In this section, we will use KNN to build a model of the ratio of female to male incomes at the level of country. We will base this on labor force participation rates, educational attainment, teenage birth frequency, and female participation in politics at the highest level. This is a good dataset to experiment with because the small sample size and feature space mean that it is not likely to tax your system’s resources. The small number of features also makes it easier to interpret. The drawback is that it might be hard to find significant results. That being said, let’s see what we find.
Note
We will be working with the income gap dataset throughout this chapter. The dataset has been made available for public use by the United Nations Development Program at https://www.kaggle.com/datasets/undp/human-development. There is one record per country with aggregate employment, income, and education data by gender for 2015.
Let’s start building our model:
import pandas as pd
import numpy as np
from sklearn.model_selection import train_test_split
from sklearn.preprocessing import StandardScaler
from sklearn.impute import SimpleImputer
from sklearn.pipeline import make_pipeline
from sklearn.model_selection import RandomizedSearchCV
from sklearn.neighbors import KNeighborsRegressor
from sklearn.linear_model import LinearRegression
from sklearn.feature_selection import SelectFromModel
import seaborn as sns
import matplotlib.pyplot as plt
import os
import sys
sys.path.append(os.getcwd() + "/helperfunctions")
from preprocfunc import OutlierTrans
un_income_gap = pd.read_csv("data/un_income_gap.csv")
un_income_gap.set_index('country', inplace=True)
un_income_gap['incomeratio'] =
un_income_gap.femaleincomepercapita /
un_income_gap.maleincomepercapita
un_income_gap['educratio'] =
un_income_gap.femaleyearseducation /
un_income_gap.maleyearseducation
un_income_gap['laborforcepartratio'] =
un_income_gap.femalelaborforceparticipation /
un_income_gap.malelaborforceparticipation
un_income_gap['humandevratio'] =
un_income_gap.femalehumandevelopment /
un_income_gap.malehumandevelopment
un_income_gap.dropna(subset=['incomeratio'], inplace=True)

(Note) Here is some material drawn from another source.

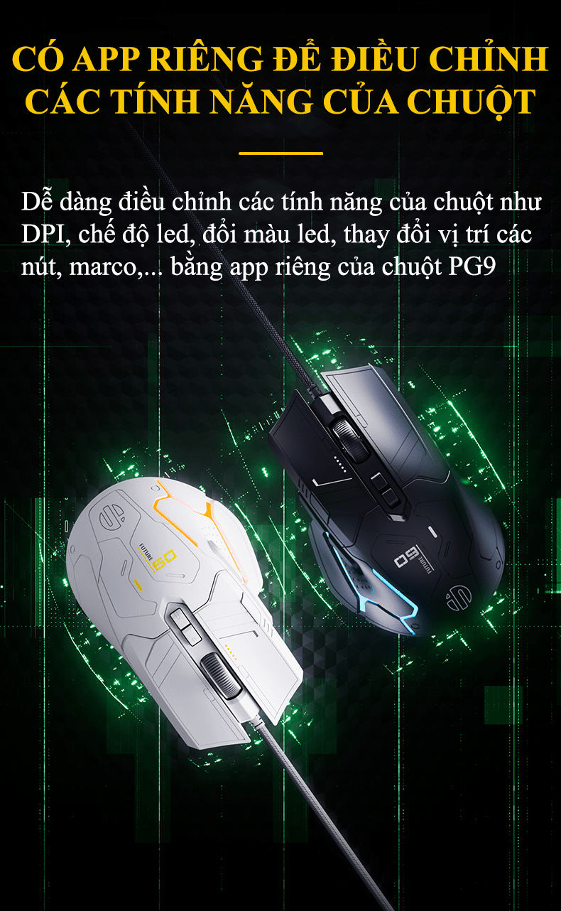 Phần mềm điều khiển riêng: Hỗ trợ Macro (phím tùy chỉnh), chỉnh DPI, điều chỉnh đèn LED,...

num_cols = ['educratio','laborforcepartratio',
'humandevratio','genderinequality','maternalmortality',
'adolescentbirthrate','femaleperparliament',
'incomepercapita']
gap_sub = un_income_gap[['incomeratio'] + num_cols]
gap_sub.head()
incomeratio educratio laborforcepartratio humandevratio
country
Norway 0.78 1.02 0.89 1.00
Australia 0.66 1.02 0.82 0.98
Switzerland 0.64 0.88 0.83 0.95
Denmark 0.70 1.01 0.88 0.98
Netherlands 0.48 0.95 0.83 0.95
genderinequality maternalmortality adolescentbirthrate
country
Norway 0.07 4.00 7.80
Australia 0.11 6.00 12.10
Switzerland 0.03 6.00 1.90
Denmark 0.05 5.00 5.10
Netherlands 0.06 6.00 6.20
femaleperparliament incomepercapita
country
Norway 39.60 64992
Australia 30.50 42261
Switzerland 28.50 56431
Denmark 38.00 44025
Netherlands 36.90 45435
gap_sub.
agg(['count','min','median','max']).T
count min median max
incomeratio 177.00 0.16 0.60 0.93
educratio 169.00 0.24 0.93 1.35
laborforcepartratio 177.00 0.19 0.75 1.04
humandevratio 161.00 0.60 0.95 1.03
genderinequality 155.00 0.02 0.39 0.74
maternalmortality 174.00 1.00 60.00 1,100.00
adolescentbirthrate 177.00 0.60 40.90 204.80
femaleperparliament 174.00 0.00 19.35 57.50
incomepercapita 177.00 581.00 10,512.00 123,124.00
We have 177 observations with our target variable, incomeratio. A couple of features, humandevratio and genderinequality, have more than 15 missing values. We will need to impute some reasonable values there. We will also need to do some scaling as some features have very different ranges than others, from incomeratio and incomepercapita on one end to educratio and humandevratio on the other.
Note
The dataset has separate human development indices for women and men. The index is a measure of health, access to knowledge, and standard of living. The humandevratio feature, which we calculated earlier, divides the score for women by the score for men. The genderinequality feature is an index of health and labor market policies in countries that have a disproportionate impact on women. femaleperparliament is the percentage of the highest national legislative body that is female.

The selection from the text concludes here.